Z nowym wyglądem moja mama naprawdę zaczęła wyglądać młodziej i atrakcyjniej. I wszystko byłoby dobrze, gdyby nie to, że niedawno dowiedziałam się, że Krzysztof, który jest tak kochany przez rodziców, ma dopiero dwadzieścia lat!
Wyobraź sobie, on jest prawie dwa razy starszy od niej. Co więcej, jest nowicjuszem, facetem, który nie ma w mieście nic poza wynajętym mieszkaniem.
Wszystko to zostało mi powiedziane przez kolegów mojej matki, którzy martwili się tak samo jak ja. Prosili, żebym wpłynął na matkę, zanim zrobi coś głupiego. Widziałam jednak, że matka zbacza z toru. Coraz częściej dawała mi do zrozumienia, że jestem dorosła i powinnam mieszkać osobno.
Nie mówię nawet o tym, że czasami nie przyjeżdża na noc w weekendy! Moim zdaniem nie ma o tym mowy!
Po moich uporczywych prośbach mama w końcu zdecydowała się przedstawić mnie Krzysztofowi. Facet jest naprawdę uroczy, ale wygląda na młodszego od swojej matki.
Chociaż patrzy na nią z uwielbieniem, czuję, że najwyraźniej ma złe plany. Prawdopodobnie postanowił ożenić się z moją matką i zabrać połowę naszego mieszkania.
Kiedy podzieliłam się swoimi obawami z nią, wpadła w furię. „Sama mówiłaś, że czas ułożyć sobie życie. Z jakiego powodu jesteś teraz nieszczęśliwy?
Odpowiedziałam, że to prawda, ale chodziło o znalezienie mężczyzny w moim wieku.
Mama się obraziła. Krzysztof, powiedziała, nie jest dzieckiem, ale dorosłym mężczyzną. Rozumie mnie jak nikt inny. Nigdy nie czułam się tak szczęśliwa, nawet z twoim ojcem.
Pytam ją, czy nie chciałabyś wyjść za mąż. Matka kiwa głową. „Tak, myśleliśmy o tym. I to jest potwierdzenie, odpowiadam, mamo. Jest z tobą tylko ze względu na mieszkanie. Może oczekuje też, że pomożesz mu w pracy.

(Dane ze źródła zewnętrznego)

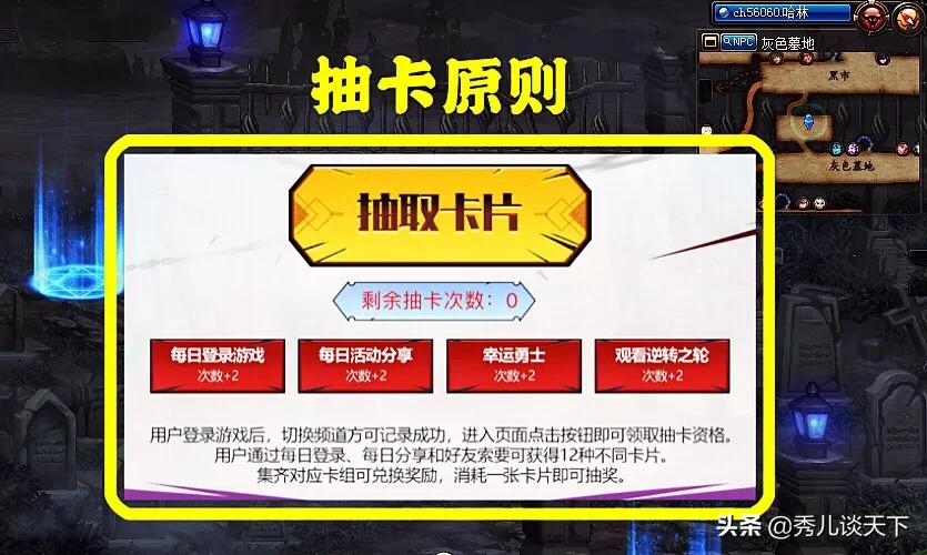 本次活动抽卡机会获取,可以通过每日登录获取2次,分享活动获取2次,看动画获取2次,幸运用户额外多2次抽卡机会;获取的卡片同样可以赠送,每一个账号每天最多被赠送4张卡片。

Po raz pierwszy w życiu pokłóciłyśmy się z mamą. Tej Julii nie da się przekonać. On mnie kocha, ciągle mi to powtarza.
Na początku chciałam poprosić dyrektora szkoły o pomoc w zerwaniu tej słodkiej pary. Ale potem postanowiłam nie robić zamieszania i nie psuć reputacji mojej matki.
Zabrałam jej paszport i ukryłem go, aby zakochani nie mogli złożyć wniosku w urzędzie stanu cywilnego. Zobaczymy, co zrobi jej narzeczony.